I found a thorough article that gives clear examples of how our ways of thinking can mislead us: "Cognitive Distortions: 22 Examples & Worksheet Cognitive Distortions: 22 Examples & Worksheets (& PDF) by Courtney E. Ackerman, MA.. https://positivepsychology.com/cognitive-distortions/. In questioning long-held assumptions, Ackerman's description of how our mind works, how we develop distortions is helpful. She says, "there are some occasions when you may want to second guess what your brain is telling you. It's not that your brain is purposely lying to you, it's just that it may have developed some faulty or non-helpful connections over time."
Our parents and elders, the people around us, have these same vulnerabilities to developing ways of thinking that aren't accurate; they also impact the long-held assumptions they developed, and passed on.
Ackerman goes on to say, "It can be surprisingly easy to create faulty connections in the brain. Our brains are predisposed to making connections between thoughts, ideas, actions, and consequences, whether they are truly connected or not."
It's been helpful for me to look at the long-held assumptions that I've collected over my lifetime. No matter our age, it's never too late to change ways of thinking that are inaccurate and keep us from living our life fully. Sometimes when I see how my cognitive distortions are impacting me, I'm reminded of verses in the Bible that challenge me to take notice of how I'm thinking, like in Romans 12:2 where it says to "be transformed by the renewal of your mind" . . .

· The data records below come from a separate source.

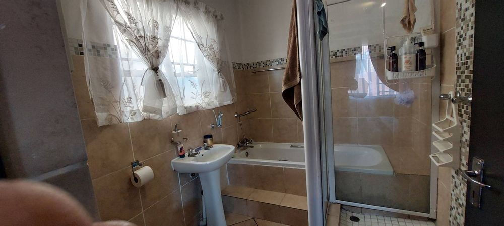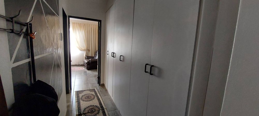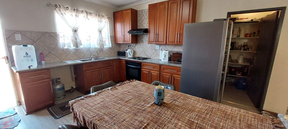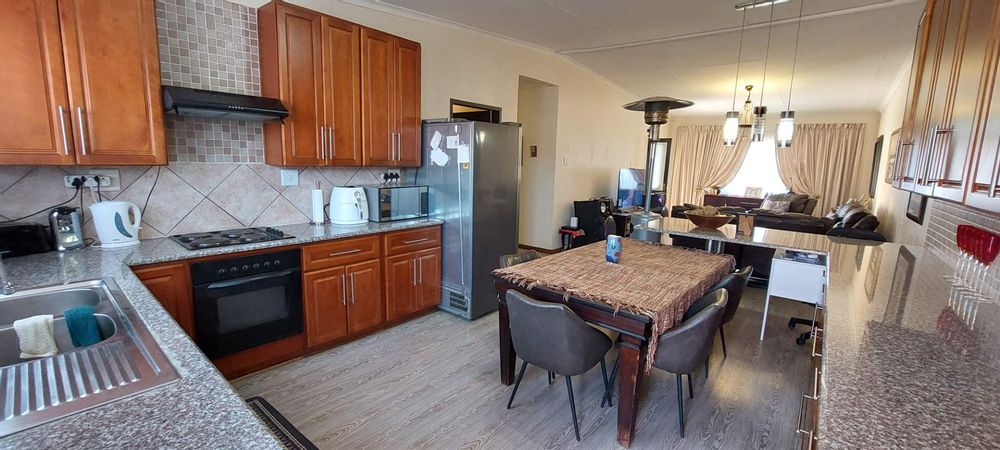 The heart of the home is the open-plan lounge and dining area, seamlessly connected to a modern kitchen designed for the discerning chef. With elegant granite countertops, a breakfast nook, and a walk-in pantry, this kitchen is both functional and aesthetically pleasing. Equipped with an under-counter oven, hob, and extractor fan, meal preparation will be a delight in this stylish space.
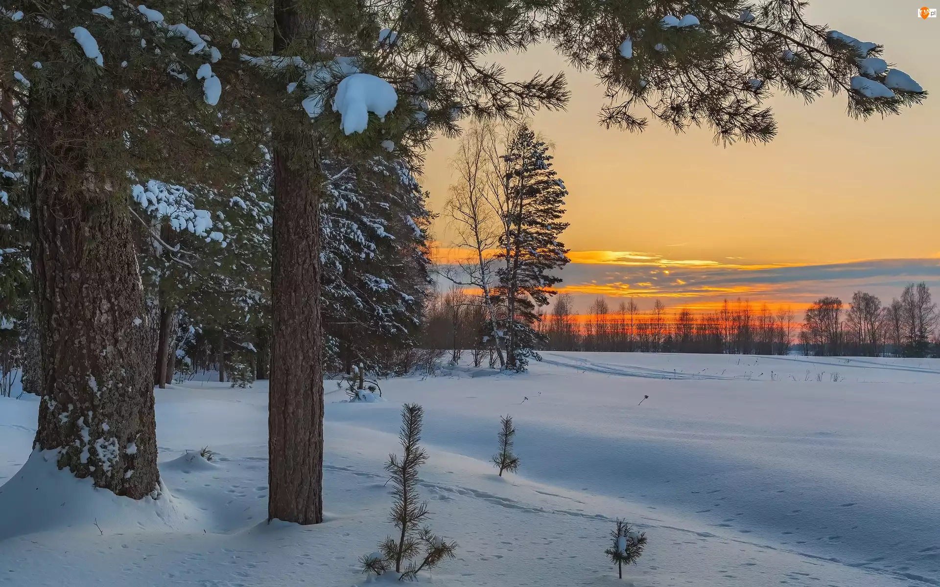 Zachód słońca, Zima, Śnieg, Drzewa iglaste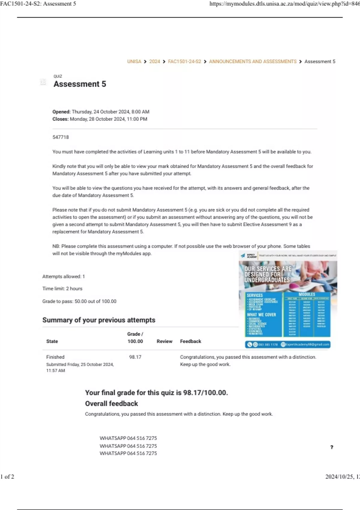 FAC1501-24-S2: Assessment 5 https://mymodules.dtls.unisa.ac.za/mod/quiz/view.php?id=846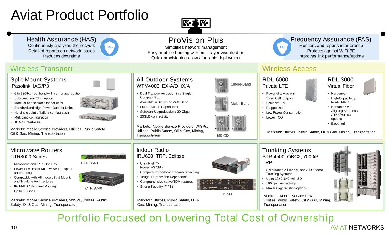 AVIAT NETWORKS Wireless Transport and Access Markets Overview 9 Aviat Differentiation Aligned with Private Networks, 5G and Rural Broadband WIRELESS ACCESS Growth Markets STATE & LOCAL GOV’T UTILITY PUBLIC SAFETY 4G/5G MOBILE WIRELESS TRANSPORT Core Markets INDUSTRIAL LICENSED/ UNLICENSED PTP/PTMP INDUSTRIAL LICENSED PRIVATE LTE/5G FIBERRADIO ACCESS / CELLULAR Other applications » INDUSTRIAL MICROWAVE Aviat Differentiation Best in Class Wireless Transport Products Unique Software and Services Disruptive Supply Chain and Ecommerce HIGH FREQUENCY TRADING SCHOOL/ ENTERPRISE OIL/GAS/ OFFSHORE TRANSPORTATION ISP/WISPMINING AVIAT EQUIPMENT WISP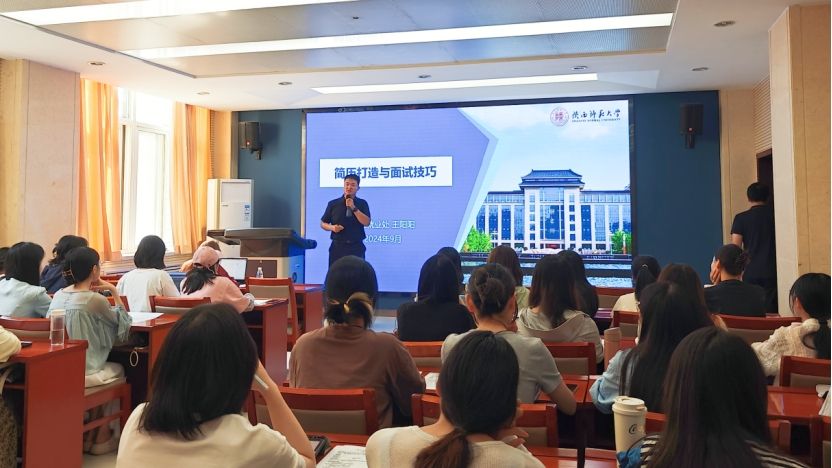 为帮助毕业生提升求职竞争力,9月28日下午,学院邀请我校学生就业指导服务中心王阳阳副主任,为学院毕业生带来“简历打造与面试技巧”的专题讲座,学院2024届毕业生参加了讲座。会议由研究生辅导员段晓辉主持。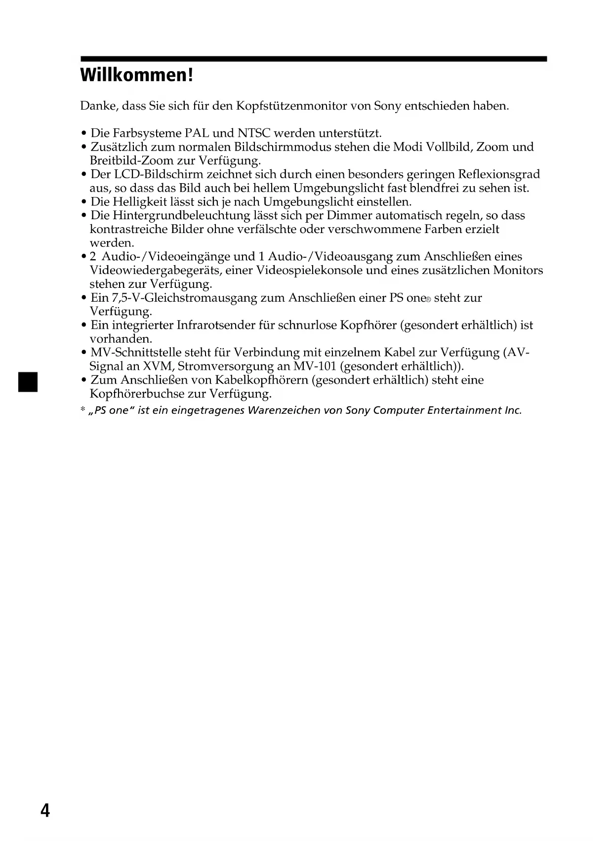 - The fuse has blown. Press the (VOL)(+) or (ATT) on the card remote commander. This may be caused by local interference such as a car engine or motorcycle. Adjust the antennas for minimum interference. The cord has been disconnected. Connect the cord securely. The battery may be exhausted.2 Entsorgung von gebrauchten elektrischen und elektronischen Geräten (anzuwenden in den Ländern der Europäischen Union und anderen europäischen Ländern mit einem separaten Sammelsystem für diese Geräte) Das Symbol auf dem Produkt oder seiner Verpackung weist darauf hin, dass dieses Produkt nicht als normaler Haushaltsabfall zu behandeln ist, sondern an einer Annahmestelle für das Recycling von elektrischen und elektronischen Geräten abgegeben werden muss. Durch Ihren Beitrag zum korrekten Entsorgen dieses Produkts schützen Sie die Umwelt und die Gesundheit Ihrer Mitmenschen. Umwelt und Gesundheit werden durch falsches Entsorgen gefährdet. Materialrecycling hilft, den Verbrauch von Rohstoffen zu verringern. Weitere Informationen über das Recycling dieses Produkts erhalten Sie von Ihrer Gemeinde, den kommunalen Entsorgungsbetrieben oder dem Geschäft, in dem Sie das Produkt gekauft haben. Geeignetes Zubehör: Fernbedienung3 Inhalt Willkommen! ....................................................................................................................... 4 Sicherheitsmaßnahmen ...................................................................................................... 5 Anbringen und Abnehmen des Monitors ....................................................................... 7 Lage und Funktion der Teile und Bedienelemente ........................................................ 8 Betrieb Auswählen der Eingangsquelle ...................................................................................... 10 Einstellen des Bildschirmmodus .................................................................................... 11 Ändern der Anzeigeeinstellungen ................................................................................. 12 Einstellen der Lautstärke ................................................................................................. 14 Anschlüsse Installationsdiagramm ..................................................................................................... 15 Anschlussdiagramm......................................................................................................... 16 Weitere Informationen Wartung .............................................................................................................................. 18 Technische Daten .............................................................................................................. 20 Störungsbehebung ............................................................................................................ 214 Willkommen! Danke, dass Sie sich für den Kopfstützenmonitor von Sony entschieden haben.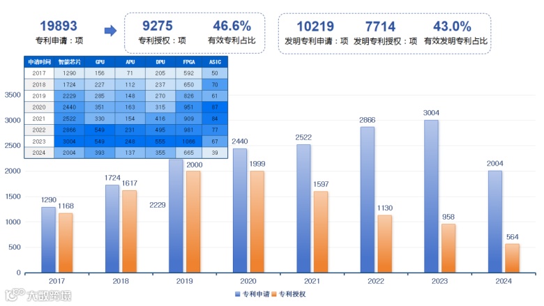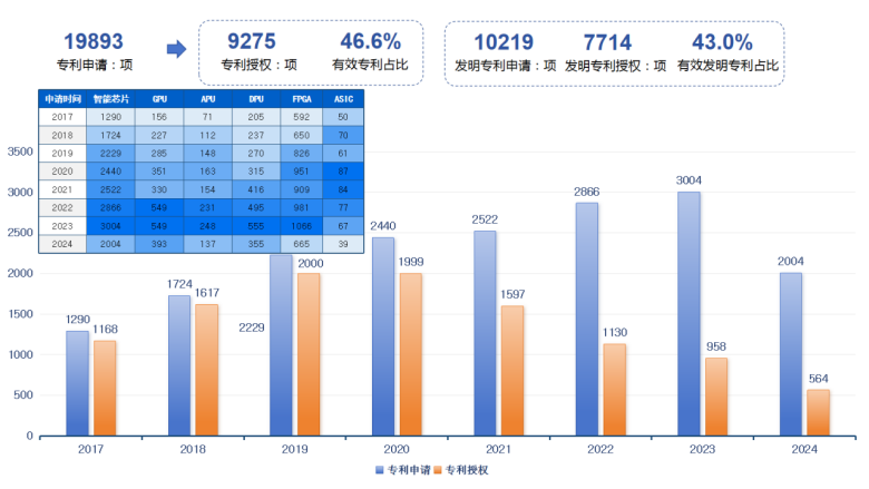 《报告》是工信部电子知识产权中心连续第七年就中国人工智能专利发展情况发布研究成果。《报告》显示,2017年至2024年间,我国生成式人工智能基础层(智能芯片和软件框架)、模型层和智能体公开专利申请数量达到167,634项,体现出强劲增长的创新发展态势。其中,智能芯片领域中国专利申请数量持续增长,截至2024年达到19893项,有效专利占比46.6%,年申请量从2017年的1290项增至2023年最高的3004项,年复合增长达18%以上。此外,专利申请人数量年均增长达到9.9%,与专利申请量呈现同步持续增长态势。多家科技巨头纷纷入局智能芯片领域,如华为的海思半导体、百度的昆仑芯、阿里巴巴的平头哥等。从细分领域看,当前智能芯片呈现通用与定制化多样化发展态势,截至2024年,与GPU相关专利2840项,APU相关专利1264项,DPU相关专利2848项,FPGA相关专利6640项,ASIC相关专利535项。总体上看,2017年至2024年,是智能芯片加速迭代与突破发展的阶段,通用芯片年度申请量稳步提升,针对高性能化、定制化芯片专利布局持续增长,整体呈现差异化、多元化的发展趋势。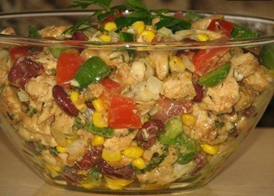 Ингредиенты:- 2 куриных филе- 1 банка консервированной кукурузы- 1 банка консервированной красной фасоли- средний зеленый перец- 2 средних помидора- 1 средняя луковица- петрушка-...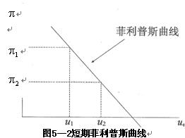 在短期中,經(jīng)濟(jì)增長、充分就業(yè)與穩(wěn)定價(jià)格水平之間的這種矛盾關(guān)系或替代關(guān)系可以用短期菲利普斯曲線表示。見圖5―2。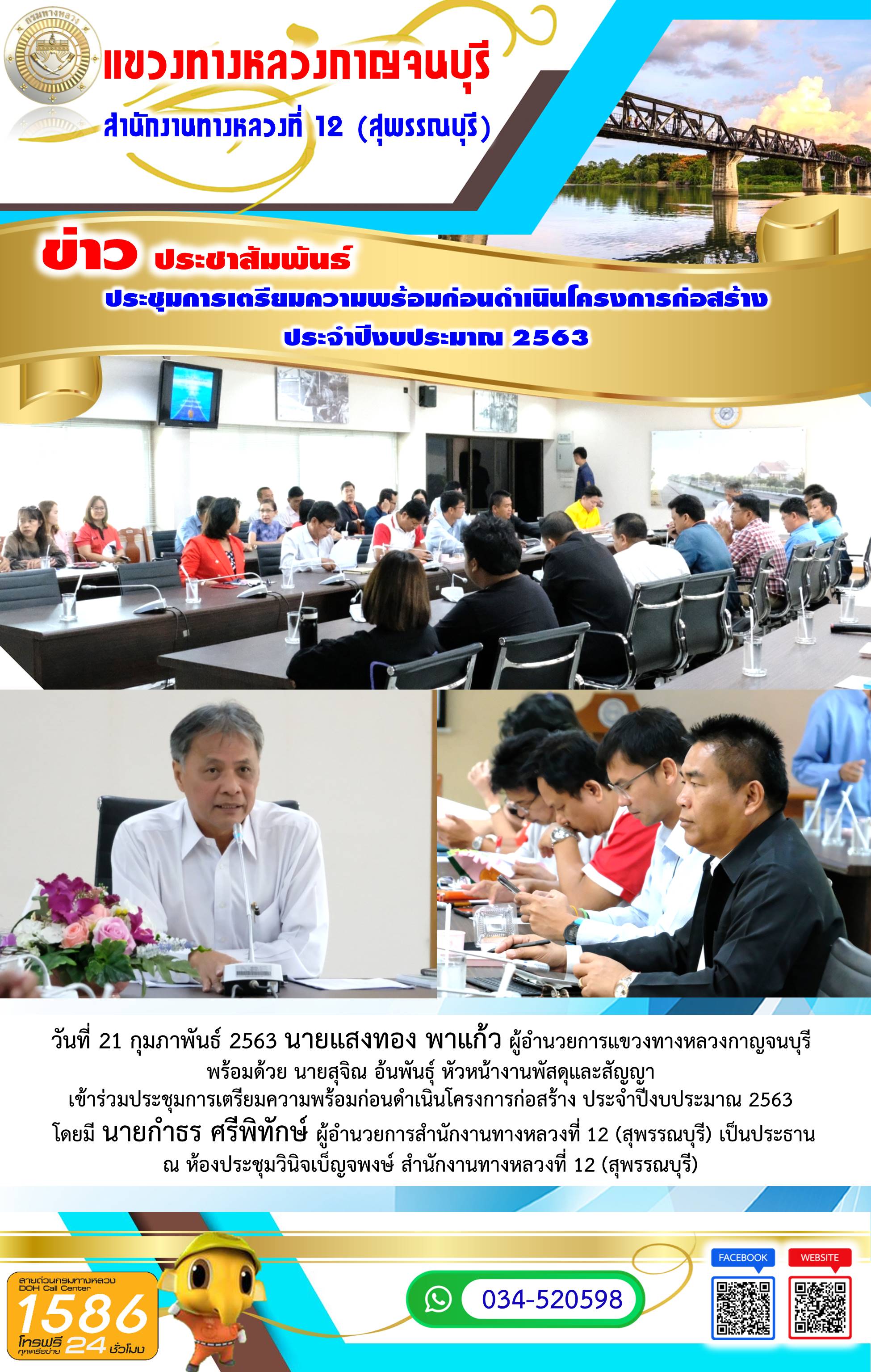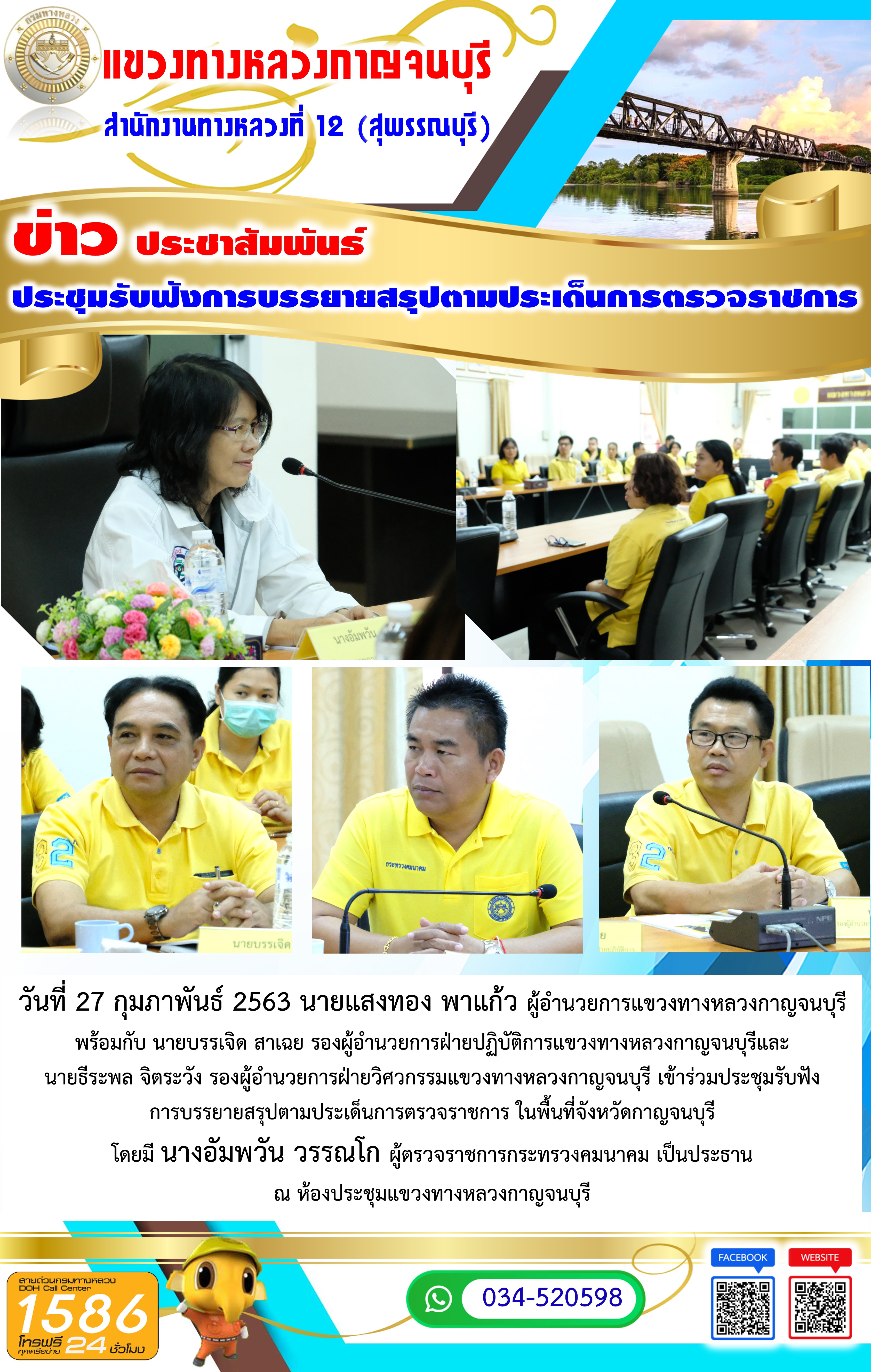 เข้าร่วมประชุมรับฟังการบรรยายสรุปตามประเด็นการตรวจราชการ ในพื้นที่จังหวัดกาญจนบุรี โดยมี นางอัมพวัน วรรณโก ผู้ตรวจราชการกระทรวงคมนาคม เป็นประธาน ณ ห้องประชุมแขวงทางหลวงกาญจนบุรี

In going back to Paintner's spiritual practice of embracing doubt when it comes to pilgrimage that I referenced last week The Pilgrimage Within, I think of a Long-Held Assumption that my mother had which I encountered on my first solo journey. When she learned I was going to Sedona by myself, she responded, "A woman shouldn't travel alone." She maintained that belief every year when I told her my plan. I had to challenge that idea with the facts of how many women are traveling solo today and ways to do that safely.
My hope is that something in this post has resonated with your life. Whether we're going on a pilgrimage in a distant place or traveling to a new place internally, self-examination of our Long-Held Assumptions can help us. It's never too late to correct limiting ways of thinking and replace that with an enlarged view that opens up our internal and external worlds.